No Member-Function to Pointer-to-Member-Function Conversion Does you compiler accept the following code? Code: class A { public: void f(int); }; void (A::*pm)(int) = A::f; // #1 no ampersand before A::f A standard-compliant compiler should flag line #1 as an error. Let's examine it in further detail to see why. The expression A::f is called a qualified-id. A qualified-id denotes a member of a class. According to the C++ standard, there is no implicit conversion from a qualified-id denoting a member function to the type "pointer to member function". In other words, an ampersand must appear before the qualified-id if you want to take the address of the member function. For example: Code: void (A::*pm)(int) = &A::f; // now OK Programmers who are new to the concept of pointers to members are often confused by this subtlety.
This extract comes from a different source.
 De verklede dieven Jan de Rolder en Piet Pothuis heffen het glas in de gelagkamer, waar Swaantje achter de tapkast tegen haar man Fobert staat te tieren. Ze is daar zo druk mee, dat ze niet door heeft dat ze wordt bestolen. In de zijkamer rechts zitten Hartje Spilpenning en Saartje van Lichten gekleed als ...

After all, when dealing with ordinary functions, implicit conversion from a function type to the type "pointer to function" does exist: Code: void g(); void (*pf) () = g; // OK, implicit conversion of g to &g However, there are many differences between a qualified-id and a plain function's name. Enabling implicit conversion of a qualified-id to a member function's address can therefore cause confusion and ambiguities. To avoid this, C++ requires that a class member's address be taken explicitly by preceding an ampersand to the qualified-id. Even if your compiler happens to accept the code in line #1, you should add an ampersand to avoid maintenance problems in the future, and to make your code more readable.
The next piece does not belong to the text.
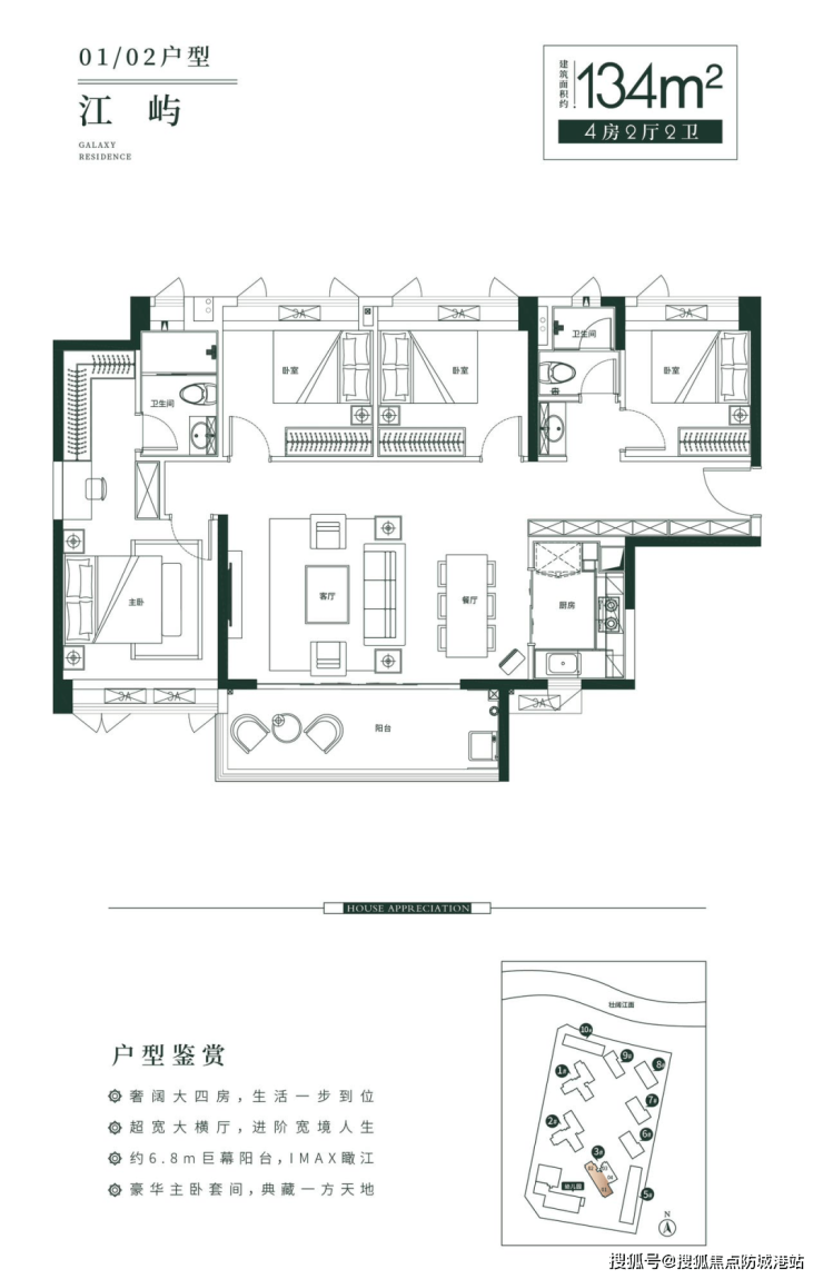 星河·江堤春晓主力户型为99-134㎡三至四房,涵盖不同家庭结构需求。小户型约99㎡,三房两厅两卫,竖厅设计方正实用,配备6.2米宽阳台,实现一线瞰江视野;U型厨房设计优化烹饪流程,主卧套间空间开阔舒适。大户型约134㎡四房两厅两卫,横厅设计奢阔,阳台6.8米,IMAX级观江体验,主卧套间提供独立衣帽间和双面采光,兼顾私密与舒适。

'Restrict' Pointers One of the new features in the recently approved C standard C99, is the restrict pointer qualifier. This qualifier can be applied to a data pointer to indicate that, during the scope of that pointer declaration, all data accessed through it will be accessed only through that pointer but not through any other pointer. The 'restrict' keyword thus enables the compiler to perform certain optimizations based on the premise that a given object cannot be changed through another pointer. Now you're probably asking yourself, "doesn't const already guarantee that?" No, it doesn't. The qualifier const ensures that a variable cannot be changed through a particular pointer. However, it's still possible to change the variable through a different pointer. For example: Code: void f (const int* pci, int *pi;); // is *pci immutable? { (*pi)+=1; // not necessarily: n is incremented by 1 *pi = (*pci) + 2; // n is incremented by 2 } int n; f( &n, &n); In this example, both pci and pi point to the same variable, n. You can't change n's value through pci but you can change it using pi. Therefore, the compiler isn't allowed to optimize memory access for *pci by preloading n's value. In this example, the compiler indeed shouldn't preload n because its value changes three times during the execution of f(). However, there are situations in which a variable is accessed only through a single pointer. For example: Code: FILE *fopen(const char * filename, const char * mode); The name of the file and its open mode are accessed through unique pointers in fopen(). Therefore, it's possible to preload the values to which the pointers are bound. Indeed, the C99 standard revised the prototype of the function fopen() to the following: Code: /* new declaration of fopen() in <stdio.h> */ FILE *fopen(const char * restrict filename, const char * restrict mode); Similar changes were applied to the entire standard C library: printf(), strcpy() and many other functions now take restrict pointers: Code: int printf(const char * restrict format, ...); char *strcpy(char * restrict s1, const char * restrict s2); C++ doesn't support restrict yet. However, since many C++ compilers are also C compilers, it's likely that this feature will be added to most C++ compilers too.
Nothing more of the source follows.